Regarding the int types (I wouldn’t consider myself a “pro”, though): There are generally two aspects to consider: performance and size. If you have huge arrays, size might be the constraining factor and you’d want your integer (or float for that matter) to be small (short (or float for floats)). However, (to the best of my knowledge) the CPU is usually built for handling larger ones efficiently (64bit), so for the CPU it doesn’t matter much, whether it has to process n times a 16 bit or a 64 bit integer (if we disregard transfer in memory for a moment — which makes a difference provided that the architecture can address smaller ints).

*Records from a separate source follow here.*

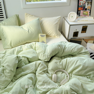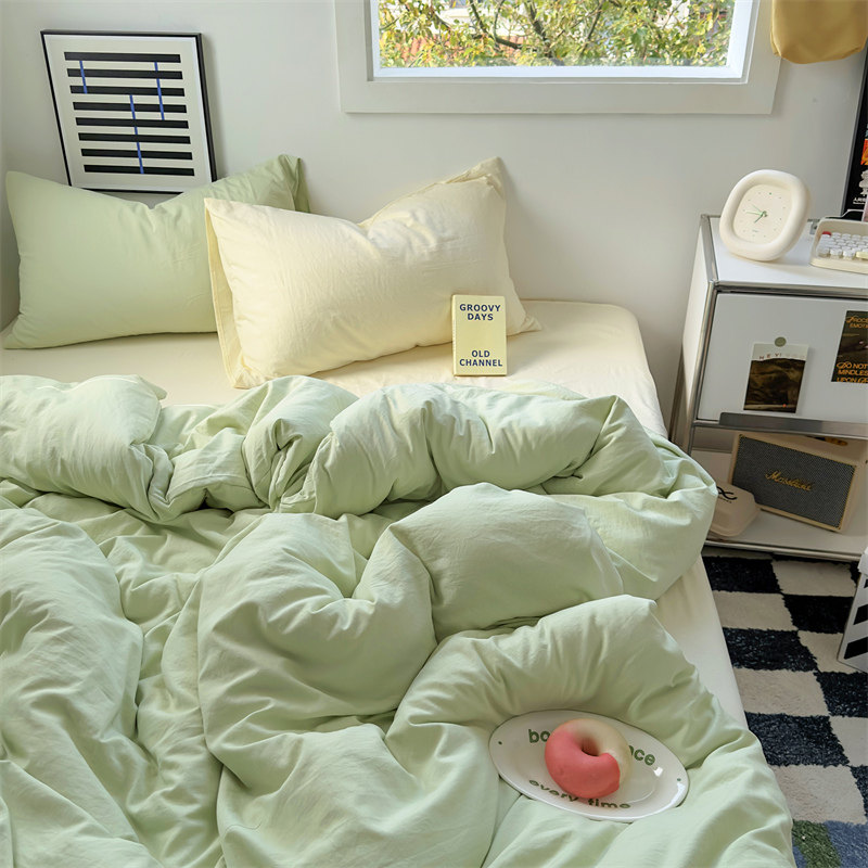 ins风小清新纯棉全棉四件套双拼床单被套床笠单人宿舍床上三件套4
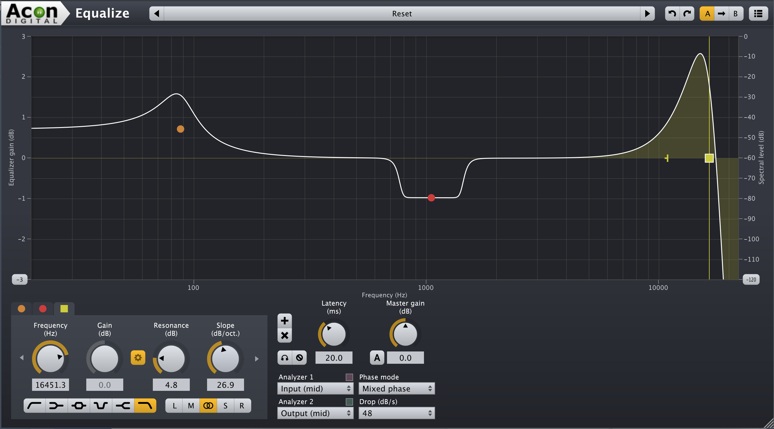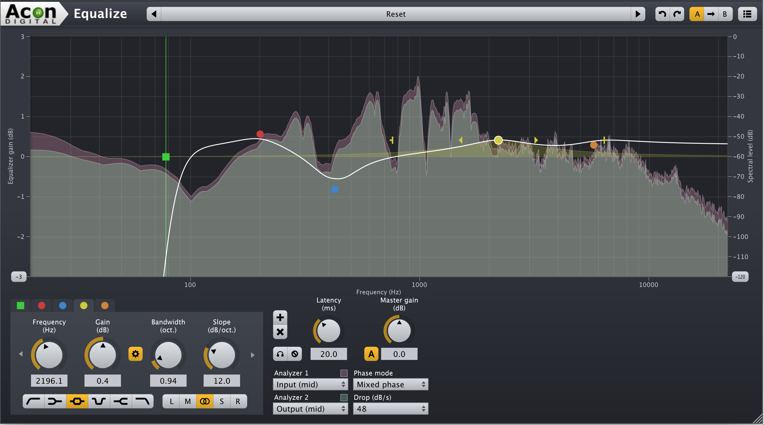 Rounding out our controls are the global functions. The Master Gain output with optional automatic gain compensation is a welcomed addition. Next is the Phase control. Equalize offers three choices here: Minimum Phase, Linear Phase, and Mixed Phase. Minimum Phase behave like analog equalizers. Great benefits are zero latency and no pre-ringing. The downside is you can create phase issues with correlate tracks, for example multiple mics on a drum set. Linear Phase creates no phasing issues at all but at the cost of high latencies and pre-ringing artifacts. Mixed Phase is ACON’s compromise between the two. It combines the best of both and has an additional Latency parameter to adjust up or down according to your needs.
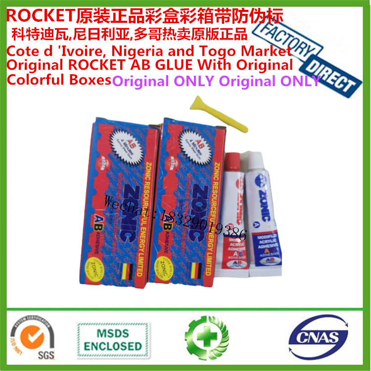 本厂专业供应尼日利亚市场胶水,ROCKET 正品爆款尼日利亚市场AB胶,可定牌,可定制客人LOGO,请选购正品款购买,谨防上当受骗。需要了解更多尼日利亚市场产品,请加客服微信哦。我们是源头工厂哟!

The vector I used is a particular example of how this gets difficult. A bool is normally 1 byte (because that’s the smallest allowed value), but the vector MAY be optimized such that one element consumes only the one bit it actually needs (but this makes operator[], e.g., a little different from normal).

Another remark: Be careful when porting code from one platform to another (I had that once, when Windows ints were 16 bit and Linux ints were 32)…

(not sure if all of this somehow answers your question, but I hope it helps)

As now thing look it was a micomunication. Like spagetti communication.

Don’t worry about now, I will find site where they have source code from Linux pross and that is what it make it so great. You don’t need to wait from some leaks like from … so that you figure out some technologies… Have nice day people!